JOINT BASE CHARLESTON, S.C. –
The possibility of collecting a Base Allowance for Housing and being able to move out of the dorms might sound tempting, but getting married for these reasons can be costly.
Marriage is a serious moral, financial and emotional commitment; and the courts of South Carolina treat it as such. People often think that obtaining a divorce is easy or that if they have been married for a short time, they will be able to get an annulment.

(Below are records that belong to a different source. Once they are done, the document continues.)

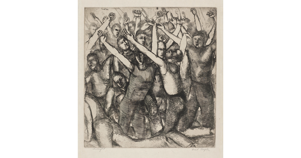 • A brightly-colored print of a nicely dressed Black family walking past men doing construction on a city street.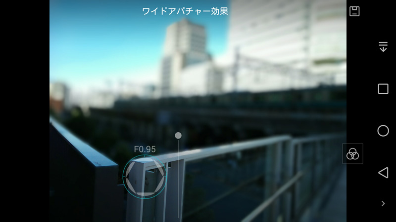 honor6 Plusは人間と同じ目をもっていると言うこともあり、撮影前の画面上でリアルタイムにピントの位置に対するボケを確認することができる。さらにこうしてピント位置と絞りを決めて撮影した後、撮った写真に対して再度ピント位置や絞り(被写界深度)を変えるということもできる。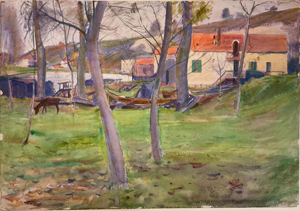Editor: This is Denman Waldo Ross's "Bettys-y-Coed, Wales." It's a watercolor piece with a quaint cottage nestled in the landscape. What can you tell me about the materials and context? Curator: The watercolor medium speaks volumes. Its accessibility democratized landscape painting. Consider the availability of pigments, the paper source, and the intended audience. Was this for personal study, or mass consumption? Editor: That's fascinating. I hadn't thought about the implications of watercolor itself. I guess it makes me consider the artist's accessibility too. Curator: Exactly. Ross's choice reflects a shift in artistic production and consumption, moving away from solely elite patronage. It invites us to reconsider the value placed on different forms of labor. Editor: I'll definitely look at materials differently now. Thanks! Curator: It's all about understanding the conditions of artistic production, shaping what we see.
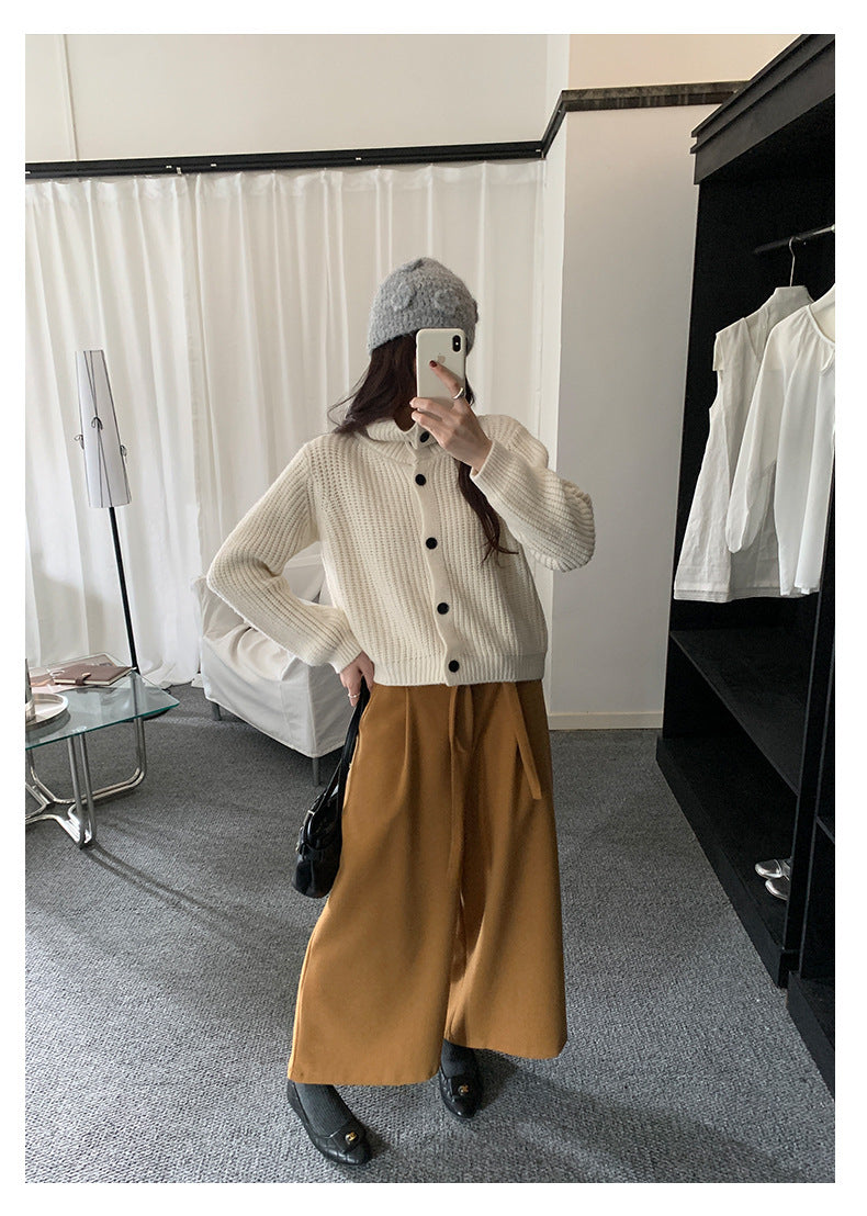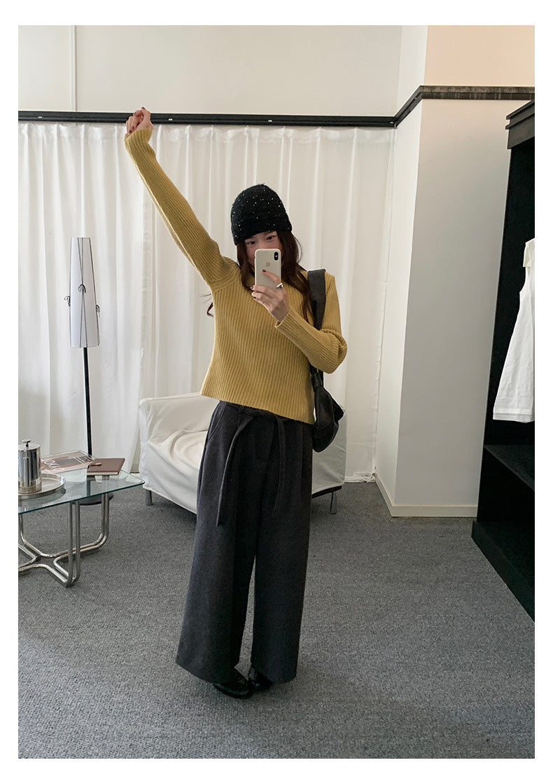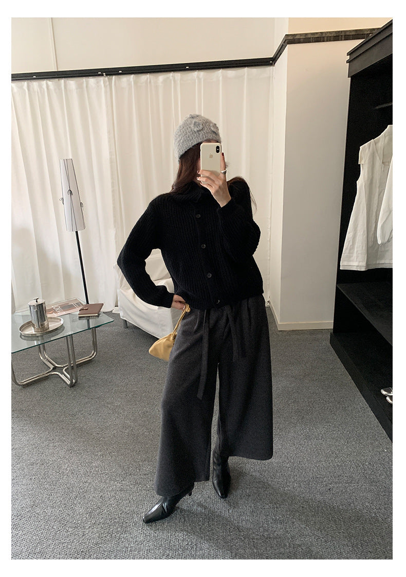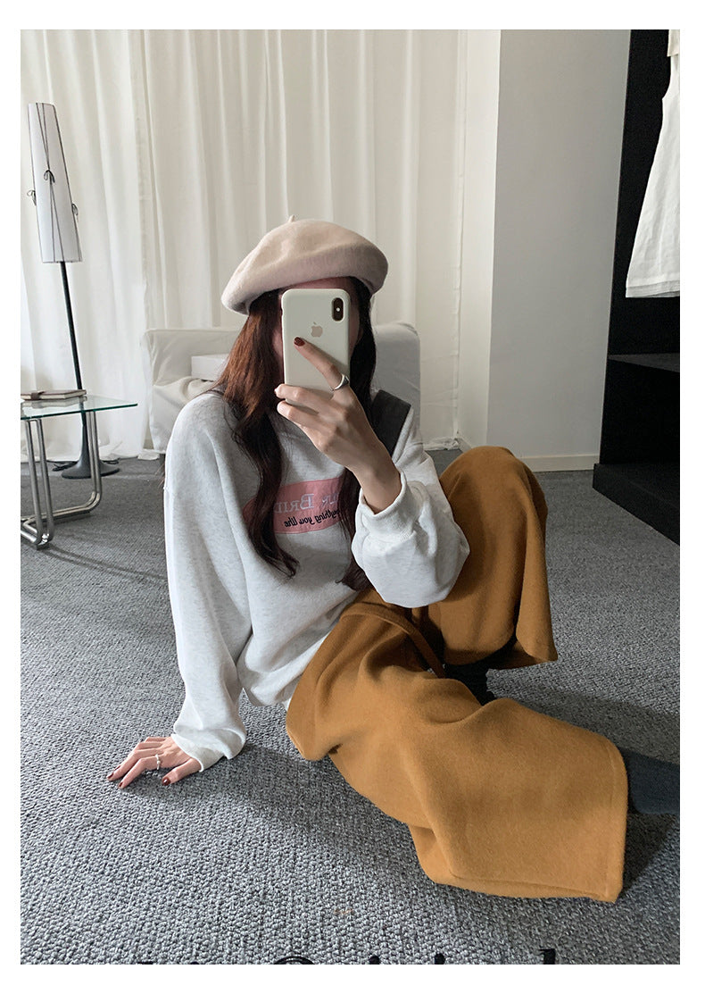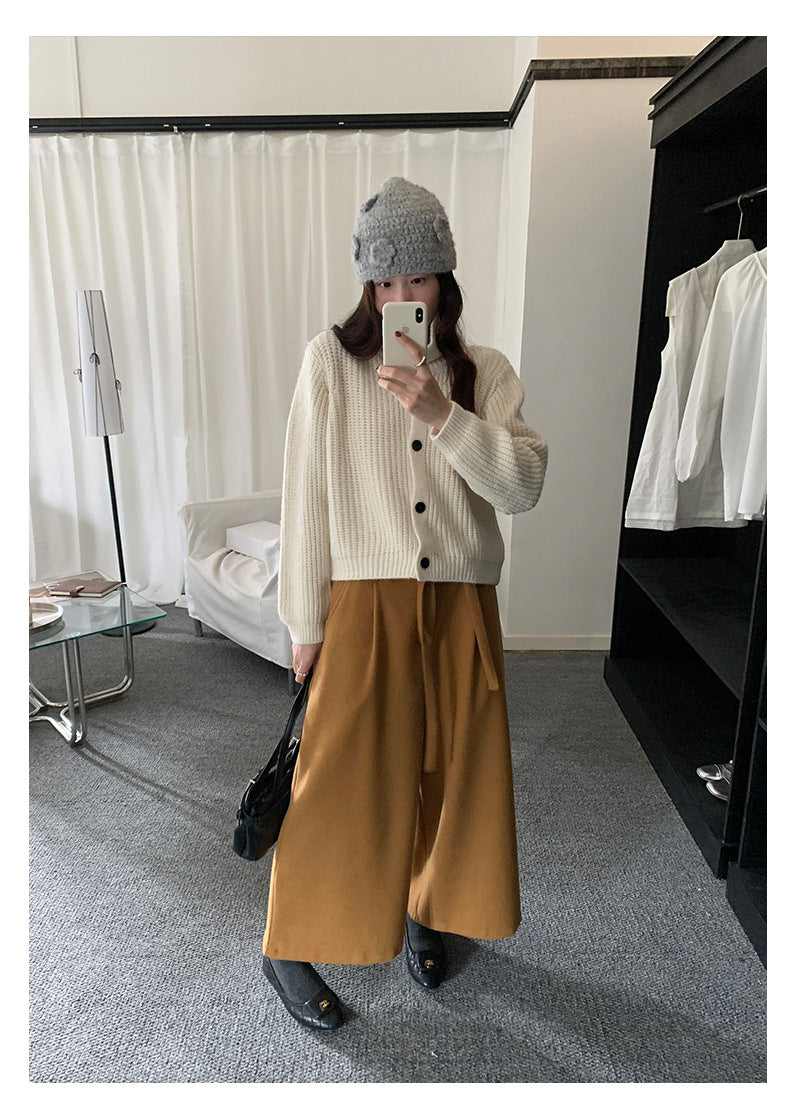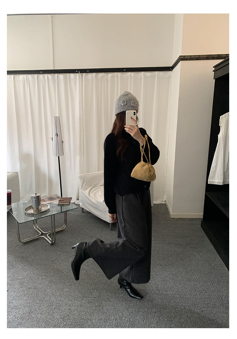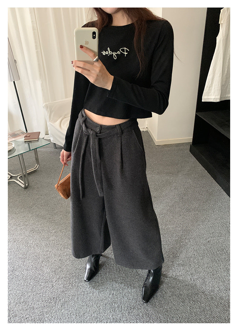 【H5491】實拍秋冬毛呢鬆緊腰加厚闊腿休閒褲251109

However, divorce and annulment proceedings can be costly and time consuming even if both parties want to leave the marriage. In order to get a divorce order, it is necessary to write a complaint, file it with the Family Court, pay filing fees, serve the complaint on the other spouse and schedule a hearing. These proceedings usually require the assistance of a lawyer. The base legal office does not represent legal assistance clients in state court, so Airmen often have to pay for a lawyer themselves. Private lawyers can charge up to thousands of dollars per case depending on its complexity.

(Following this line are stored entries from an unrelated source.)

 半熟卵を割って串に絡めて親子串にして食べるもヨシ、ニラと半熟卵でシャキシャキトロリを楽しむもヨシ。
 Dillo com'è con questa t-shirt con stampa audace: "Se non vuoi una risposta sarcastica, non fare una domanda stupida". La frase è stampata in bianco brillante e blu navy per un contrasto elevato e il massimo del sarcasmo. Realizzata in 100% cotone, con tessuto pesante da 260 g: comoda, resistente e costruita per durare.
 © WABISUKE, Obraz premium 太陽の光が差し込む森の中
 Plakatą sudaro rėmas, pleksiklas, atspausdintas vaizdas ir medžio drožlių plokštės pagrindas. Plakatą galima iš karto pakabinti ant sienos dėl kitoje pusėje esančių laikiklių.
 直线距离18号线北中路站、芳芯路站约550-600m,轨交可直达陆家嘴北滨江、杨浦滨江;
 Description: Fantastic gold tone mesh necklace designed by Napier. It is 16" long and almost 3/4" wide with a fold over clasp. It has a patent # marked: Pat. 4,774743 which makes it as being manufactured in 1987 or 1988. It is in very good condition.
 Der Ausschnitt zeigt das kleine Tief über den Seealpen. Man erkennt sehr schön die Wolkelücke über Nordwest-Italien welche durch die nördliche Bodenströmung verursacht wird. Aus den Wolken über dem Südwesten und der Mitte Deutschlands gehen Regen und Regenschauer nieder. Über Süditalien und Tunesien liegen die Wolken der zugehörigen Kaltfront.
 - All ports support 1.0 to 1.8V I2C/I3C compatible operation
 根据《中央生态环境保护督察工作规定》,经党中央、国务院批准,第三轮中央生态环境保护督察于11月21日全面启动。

It is sometimes thought that a lengthy legal process can be avoided by getting an annulment to end a short marriage. However, the length of a marriage has nothing to do with getting an annulment. In order to obtain an annulment, one of four grounds must be present at the time of the marriage. These grounds are: Duress (someone forced you to get married), fraud (someone lied about their identity), affinity and consanguinity (the married couple are closely related, (in most states you cannot marry a first cousin), and failure to consummate by cohabitation (the couple never lived together after marriage). An annulment is usually not available to couples who have had sexual relations after the wedding. Even if a couple has never had sex, the court may use other factors to establish a valid marriage. Additionally, annulments can be more costly than a divorce because the parties may need to produce witnesses and other evidence at a hearing to prove one of the four grounds.

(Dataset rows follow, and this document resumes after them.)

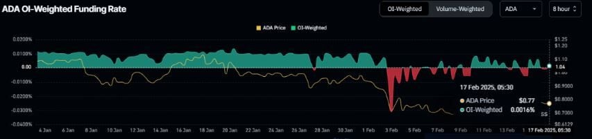 Según los datos de la tasa de financiación ponderada por OI de Coinglass, el número de operadores que apuestan a que el precio de ADA seguirá bajando es menor que el de los que anticipan un aumento de precio.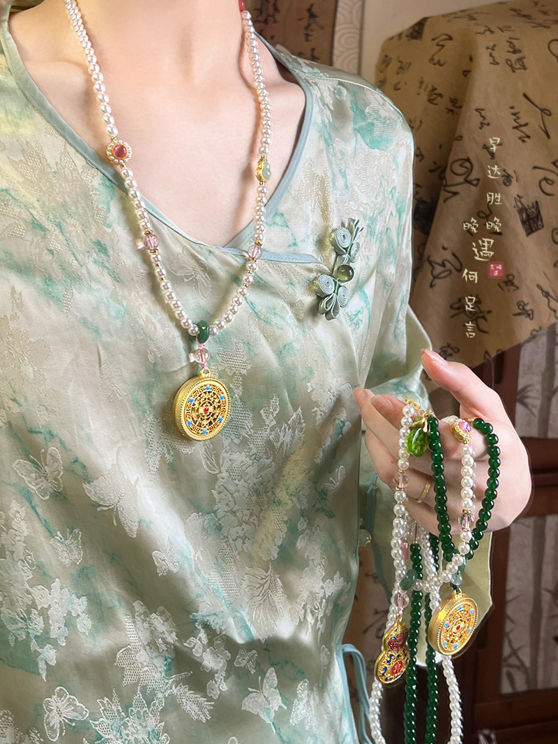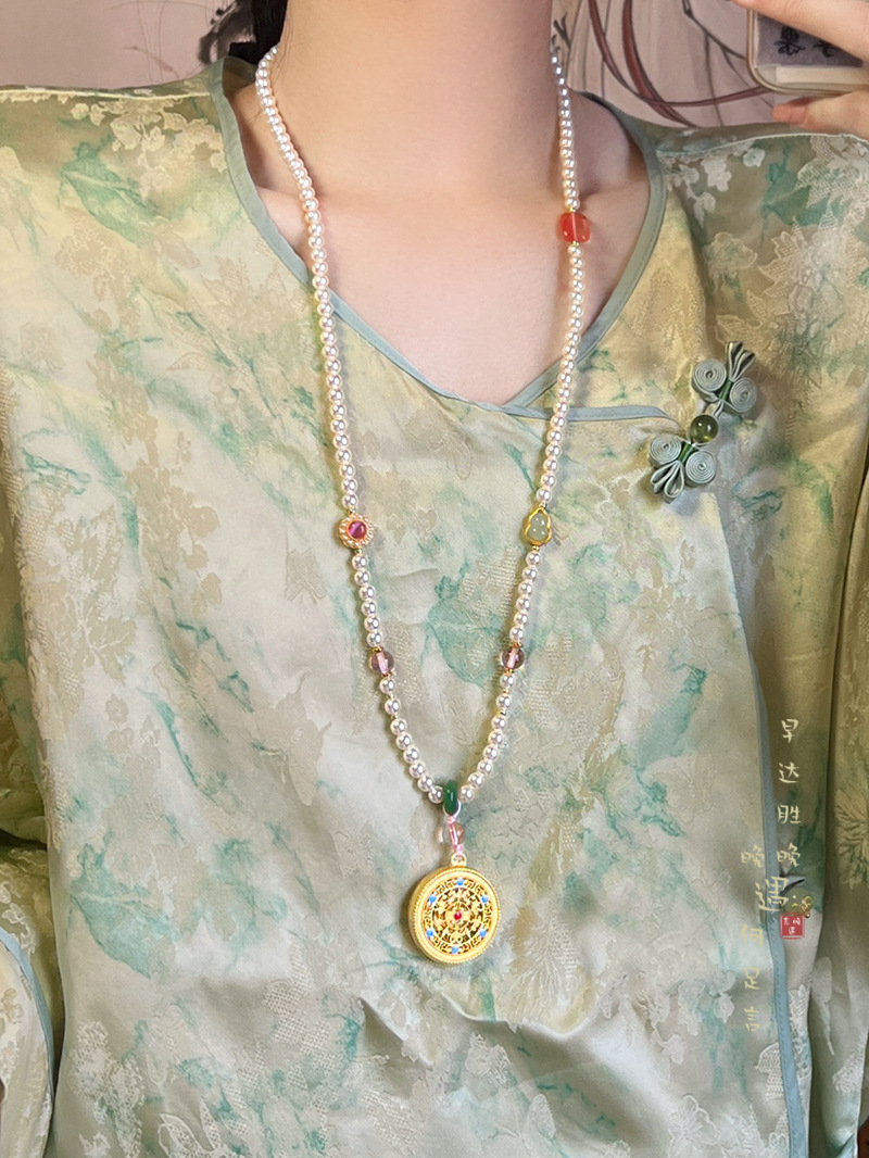 New Chinese Style Retro Round Brand Beaded Necklace Women's Horse Face Skirt Hanfu Cheongsam Woolen Chain Antique Ethnic Style Accessories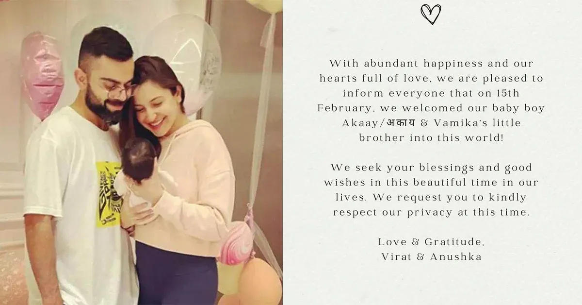 Virat Kohli के घर आया नन्हा मेहमान, नाम रखा अकाय

Most couples don't qualify for an annulment, and will need to obtain a divorce to end their marriage. In South Carolina, unless a person can prove very specific facts, such as adultery or physical cruelty, they will have to wait one year to get a divorce. During this one-year waiting period, spouses must live separate and apart. This means they cannot live together in the same house. Keep in mind that although living separate and apart, each spouse has a claim to any money that the other makes and property that is acquired by either partner. Additionally, if you are in the military, you are legally married until divorced. This means you are responsible for providing financial support to your dependents. Finally, entering into a sham wedding for the purposes of collecting BAH, could result in criminal charges for fraud against the United States.
No one should enter into a marriage lightly. Wanting to move off base or to collect BAH is no reason to get married. Doing so could be costly and may jeopardize your career and place your personal life in total disarray. So, if you are considering saying, "I do" to this unwise action, please say, "I don't" instead.